Słynni japońscy twórcy uważają, że ludzie przywiązują zbyt dużą wagę do ocen na Metacriticu

Tak twierdzi Suda51, a w tej opinii wtóruje mu Shinji Mikami, twórca m.in. Resident Evil.


Krzysztof „Gwint” Jackowski

Gdy nadchodzi premiera głośno komentowanej produkcji, tradycją u nas, ale również i w innych redakcjach, jest przegląd recenzji. Zbieramy wówczas różne opinie oraz noty wystawiane przez recenzentów i przedstawiamy pełne spektrum, jak dane dzieło jest postrzegane przez krytyków.
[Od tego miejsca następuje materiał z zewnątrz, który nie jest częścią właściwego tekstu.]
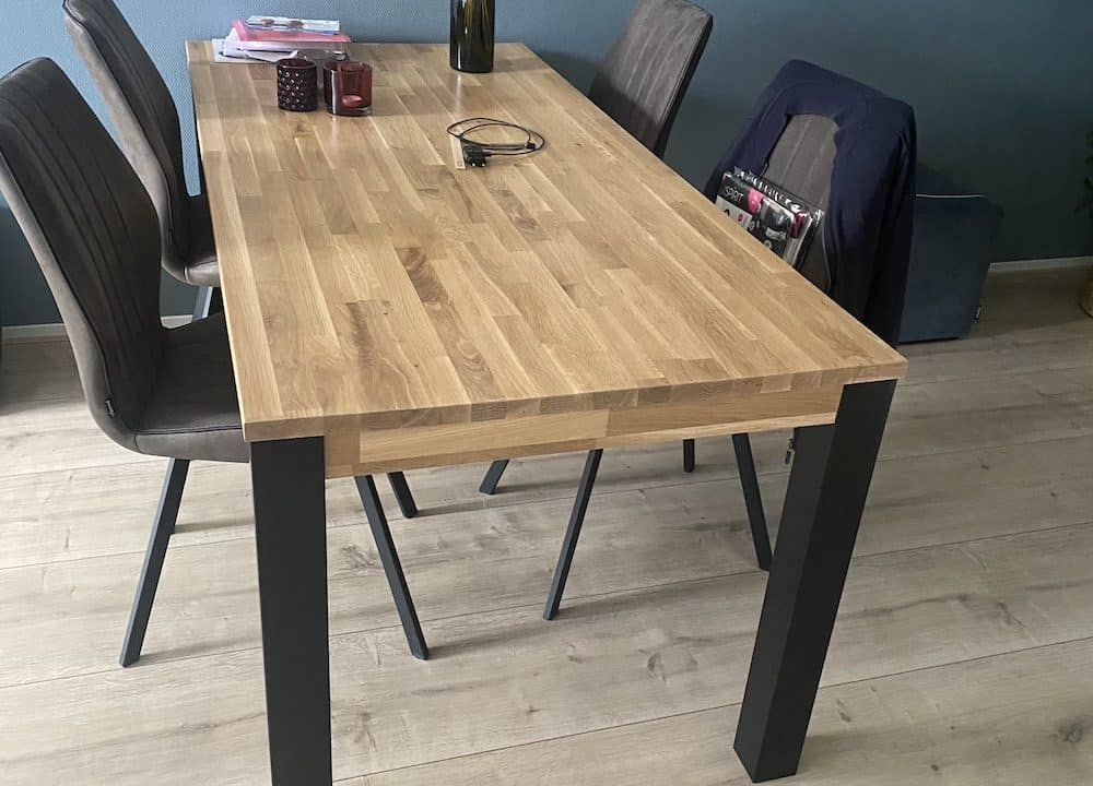 Onbehandelde of slecht beschermde tafels krijgen snel kringen, vlekken en verkleuring door drinken, olie en vuil. Door de tafel te beitsen met TopOil van Osmo wordt het hout langdurig beschermd, voedselveilig afgewerkt en eenvoudig te onderhouden.

W opozycji do takiego zjawiska, ocen, a szczególnie ich agregatorów jak Metacritic, staje Goichi Suda – popularny „Suda51”, założyciel Grasshopper Manufacture i twórca takich marek, jak Lollipop Chainsaw oraz Shadows of the Damned. W wywiadzie dla Gamesindustry.biz nie krył swojej niechęci do tego zjawiska.
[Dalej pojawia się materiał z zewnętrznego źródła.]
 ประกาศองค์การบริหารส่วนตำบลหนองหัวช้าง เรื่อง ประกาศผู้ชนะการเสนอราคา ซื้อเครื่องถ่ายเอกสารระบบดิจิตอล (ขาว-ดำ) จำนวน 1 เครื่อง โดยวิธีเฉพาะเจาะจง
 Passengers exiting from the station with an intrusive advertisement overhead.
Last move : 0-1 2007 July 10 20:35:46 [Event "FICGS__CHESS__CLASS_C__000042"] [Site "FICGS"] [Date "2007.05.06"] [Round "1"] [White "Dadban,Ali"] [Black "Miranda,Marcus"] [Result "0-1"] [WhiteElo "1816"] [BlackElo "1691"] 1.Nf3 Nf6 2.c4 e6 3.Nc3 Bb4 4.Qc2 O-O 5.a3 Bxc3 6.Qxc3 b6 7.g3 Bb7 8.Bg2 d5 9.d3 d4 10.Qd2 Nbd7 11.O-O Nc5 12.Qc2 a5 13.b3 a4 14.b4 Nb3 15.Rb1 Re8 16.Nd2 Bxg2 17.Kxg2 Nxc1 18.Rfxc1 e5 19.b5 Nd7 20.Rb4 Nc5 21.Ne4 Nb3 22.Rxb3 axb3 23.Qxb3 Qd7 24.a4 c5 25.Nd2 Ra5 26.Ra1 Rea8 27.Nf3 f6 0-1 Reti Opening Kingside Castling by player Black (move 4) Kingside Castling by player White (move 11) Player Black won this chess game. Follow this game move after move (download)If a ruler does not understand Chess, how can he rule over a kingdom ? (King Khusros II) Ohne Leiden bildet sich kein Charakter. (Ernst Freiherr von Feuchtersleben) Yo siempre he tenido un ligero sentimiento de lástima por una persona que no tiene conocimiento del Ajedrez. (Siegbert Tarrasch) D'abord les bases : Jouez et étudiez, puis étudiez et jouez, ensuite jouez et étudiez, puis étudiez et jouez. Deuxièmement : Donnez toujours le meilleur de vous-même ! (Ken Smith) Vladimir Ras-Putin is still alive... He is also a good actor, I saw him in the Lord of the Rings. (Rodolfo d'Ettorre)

Wszyscy zwracają zbyt dużą uwagę i za bardzo przejmują się wynikami na Metacriticu. Doprowadziło to do sytuacji, w której powstała pewna formuła – jeśli chcesz osiągnąć wysoki rezultat na tej platformie, to musisz stworzyć grę według danego schematu. Jeżeli stworzyłeś dzieło niepasujące do wytycznych, tracisz punkty w końcowej ocenie. Z tego powodu duże firmy nie będą interesowały się produkcjami, które wyłamują się ze schematów. Może to nie jest główny powód, jednak z pewnością jest jedną z przyczyn, dlaczego obserwujemy takie zjawisko. Wszyscy za bardzo przejmują się liczbami.


Goichi „Suda51” Suda

Goichi Suda wspomina, że pomimo niepoświęcania uwagi ocenom na tego typu portalach, zdarza mu się spojrzeć na wrażenia krytyków w trakcie premiery jego własnych projektów. Żartobliwie wspomina o bólu i złości w momentach, gdy widzi bardzo negatywne opinie (w domyśle – 0/10). W negatywnym spojrzeniu na punktowe oceny wtóruje mu Shinji Mikami – legendarny twórca, z którym Suda nieraz współpracował w trakcie swojej kariery. Zdaniem twórcy The Evil Within na rynku znajduje się wiele ciekawych i niekonwencjonalnych produkcji, która znikają w gąszczu marketingowego szału na dzieła AAA.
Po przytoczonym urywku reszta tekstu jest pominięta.